The first-order effective rate constant is a function of the intensity of light, quantum yield, and molar absorptivity, as described in the methods, which provides additional insight into the photodegradation of the NB and CMR hydrogels._{^{45, 56}} The normalization of the first-order effective rate constants by the light intensity provides a more direct comparison of how differences in molar absorptivity and quantum yield of the NB and CMR photocleavable moieties affect photodegradation. As expected, based on their respective molar absorptivity, faster degradation was observed for NB hydrogels with 365 nm, whereas faster degradation was achieved for CMR hydrogels with 400 – 500 nm light. The ability to rapidly degrade CMR crosslinked hydrogels with visible light highlights the power of using a single ring substitution over multiple ring substitutions when adding functional handles for integration within hydrogel crosslinks. Interestingly, despite higher light absorbance at 365 nm, the CMR hydrogels degraded slower than the NB₃₆₅ hydrogels (Table S1); this likely owes to the differences in the quantum yield of the distinct photocleavable groups at the respective irradiation wavelengths. Indeed, it has been reported that the NB-azide small molecule has a quantum yield of approximately 0.053,_⁴¹ whereas a small molecule CMR, of similar structure to the one used here, had a reported quantum yield of 0.03._⁵⁸ This highlights the balance between molar absorptivity and quantum yield that dominates the degradation rate of these moieties and accordingly the importance of the wavelength of light selected for irradiation. These parameters are essential for controlling the photodegradation properties of these systems, whether for use as therapeutic delivery depots or cell culture scaffolds.

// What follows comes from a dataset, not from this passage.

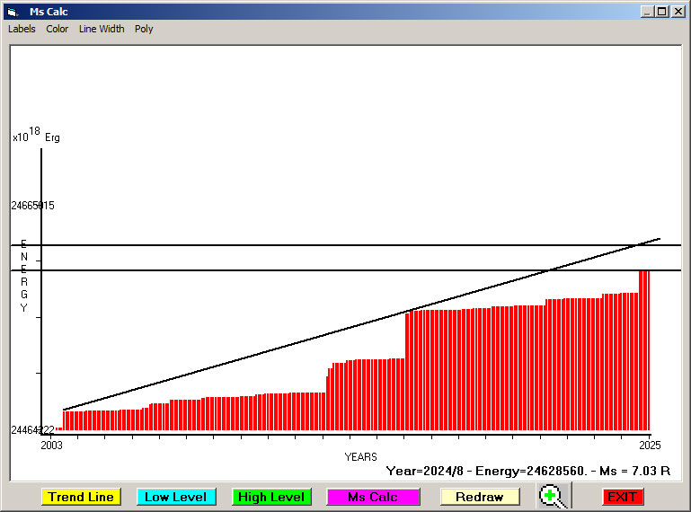 Fig. 11. Expected EQ magnitude due to application of the LSEFM (Lithospheric Seismic Energy Flow Model) on past (since 2003) seismic history of the regional seismogenic area.

Photodegradation of optically thick hydrogels.

Optically thick equilibrium swollen hydrogels can be used as depots for therapeutic release via light-driven erosion. Hydrogels with high light absorbances have limited to no light transmission through the entirety of the hydrogel sample geometry, resulting in degradation through a surface erosion mechanism (i.e., linear decreases in hydrogel volume over time). This mechanism arises due to the incident light being significantly absorbed as it traverses through the sample, leading to degradation of the top layers before sufficient light has reached lower layers and thereby erosion of the hydrogel surface occurs in a layer-by-layer fashion._{^{26, 56}} Alternatively, if a hydrogel is considered optically thin, the light penetrates the full sample thickness leading to degradation throughout the bulk of the hydrogel {i.e., decrease in bulk crosslink density and with a concomitant increase in hydrogel volume over time until reverse gelation). In practice, the photodegradation of thick samples, such as the mm-thick cylindrical disks studied here (average hydrogel height of 1.25 mm and diameter of 5.5 mm after equilibrium swelling), will be a complex mixture of bulk degradation and surface erosion depending on the selected photolabile moiety and irradiation wavelength._⁵⁶ To investigate these effects, NB and CMR hydrogels were degraded in black 96-well plates by light applied to the hydrogel surface with buffer exchanges and volume measurements every 2.5 minutes.

Here, a linear decrease in the normalized volume was observed for NB₃₆₅, CMR₃₆₅, and CMR₄₀₀₊ hydrogels, which is indicative of a surface erosion dominated degradation profile (Figure 4A). In contrast, NB₄₀₀₊ hydrogels were observed to undergo a more bulk degradation profile with increases in the normalized volume observed over time. Based on the Beer-Lambert law, over 40% of the light applied to the NB₄₀₀₊ bulk hydrogels was estimated to be transmitted through its thickness, whereas no light was transmitted through the NB₃₆₅, CMR₃₆₅, or CMR₄₀₀₊ conditions (Figure S4). The final time point for all conditions was compared to further assess the differences in degradation mechanism. The final volume for the NB₃₆₅, CMR₃₆₅, and CMR₄₀₀₊ hydrogels were statistically different than that of the NB₄₀₀₊ hydrogels. These data further highlight how the trends in the observed light absorbance and the photodegradation rates of NB and CMR at the respective irradiation wavelengths enables the design of hydrogels with a specific degradation type (full statistical analysis Table S2).

Figure 4. Degradation of bulk NB and CMR hydrogels.

(A) Bulk cylindrical hydrogels degrade through varied mechanisms upon irradiation with either 365 nm (I0 = 10 mW cm₋₂) or 400 – 500 nm (I0 = 17.1 mW cm₋₂) light over 20 min as monitored by the normalized volume. (B) Bulk hydrogels irradiated through a layer of pig skin over 60 min exhibit similar trends in degradation profiles, albeit with slower overall rates as expected relative to those irradiated in buffer alone. Note, the expanded y-axis used to show differences in degradation profile when hydrogels were irradiated through pig skin. The data shown illustrate the mean (n = 3) with error bars representing standard error. Full statistical analysis comparing the final time points in each condition can be found in the SI (Table S2 and Table S3).

Photodegradation of optically thick hydrogels through skin.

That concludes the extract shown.